[Source data]
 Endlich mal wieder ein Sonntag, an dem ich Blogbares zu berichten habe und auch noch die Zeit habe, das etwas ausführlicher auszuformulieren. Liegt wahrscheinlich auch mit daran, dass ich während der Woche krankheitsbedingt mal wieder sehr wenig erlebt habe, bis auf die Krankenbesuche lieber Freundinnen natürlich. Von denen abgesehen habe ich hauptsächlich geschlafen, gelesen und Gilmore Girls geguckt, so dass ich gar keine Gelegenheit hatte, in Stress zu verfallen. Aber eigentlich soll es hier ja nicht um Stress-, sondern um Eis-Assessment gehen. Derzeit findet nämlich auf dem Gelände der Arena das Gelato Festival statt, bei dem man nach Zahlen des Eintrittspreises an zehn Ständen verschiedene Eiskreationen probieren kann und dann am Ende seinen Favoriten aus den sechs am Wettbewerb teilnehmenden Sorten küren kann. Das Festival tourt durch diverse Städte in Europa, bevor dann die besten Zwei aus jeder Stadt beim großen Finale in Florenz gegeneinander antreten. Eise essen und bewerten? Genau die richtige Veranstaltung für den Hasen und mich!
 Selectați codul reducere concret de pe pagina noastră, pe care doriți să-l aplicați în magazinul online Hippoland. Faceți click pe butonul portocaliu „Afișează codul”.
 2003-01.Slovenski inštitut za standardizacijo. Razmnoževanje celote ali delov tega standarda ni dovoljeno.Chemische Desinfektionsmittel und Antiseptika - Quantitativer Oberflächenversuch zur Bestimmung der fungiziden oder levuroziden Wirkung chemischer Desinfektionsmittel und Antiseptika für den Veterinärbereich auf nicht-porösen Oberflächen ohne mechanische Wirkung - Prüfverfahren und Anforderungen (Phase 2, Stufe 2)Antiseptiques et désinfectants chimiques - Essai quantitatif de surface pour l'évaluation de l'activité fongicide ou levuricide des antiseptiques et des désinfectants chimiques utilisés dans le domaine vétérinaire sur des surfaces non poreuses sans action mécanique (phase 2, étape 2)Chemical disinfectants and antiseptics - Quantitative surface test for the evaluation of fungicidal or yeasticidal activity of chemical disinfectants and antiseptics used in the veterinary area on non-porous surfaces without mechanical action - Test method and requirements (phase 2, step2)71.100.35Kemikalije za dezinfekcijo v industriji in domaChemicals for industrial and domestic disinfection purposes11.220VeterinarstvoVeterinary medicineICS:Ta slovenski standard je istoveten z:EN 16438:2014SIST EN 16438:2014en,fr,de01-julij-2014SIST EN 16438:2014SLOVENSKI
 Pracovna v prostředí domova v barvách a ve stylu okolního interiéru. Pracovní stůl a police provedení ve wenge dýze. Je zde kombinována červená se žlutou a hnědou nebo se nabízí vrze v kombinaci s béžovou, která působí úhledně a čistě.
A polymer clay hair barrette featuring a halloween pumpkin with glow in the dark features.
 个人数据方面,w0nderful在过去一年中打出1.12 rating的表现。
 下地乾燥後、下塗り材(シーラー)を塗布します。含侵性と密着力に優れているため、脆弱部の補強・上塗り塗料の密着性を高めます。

■ **BRIEF**
Set down the lines above exactly as written. Begin at the line containing "Pracovna v prostředí" and stop after the last line.

■ **WRITTEN SOLUTION**
 Pracovna v prostředí domova v barvách a ve stylu okolního interiéru. Pracovní stůl a police provedení ve wenge dýze. Je zde kombinována červená se žlutou a hnědou nebo se nabízí vrze v kombinaci s béžovou, která působí úhledně a čistě.
A polymer clay hair barrette featuring a halloween pumpkin with glow in the dark features.
 个人数据方面,w0nderful在过去一年中打出1.12 rating的表现。
 下地乾燥後、下塗り材(シーラー)を塗布します。含侵性と密着力に優れているため、脆弱部の補強・上塗り塗料の密着性を高めます。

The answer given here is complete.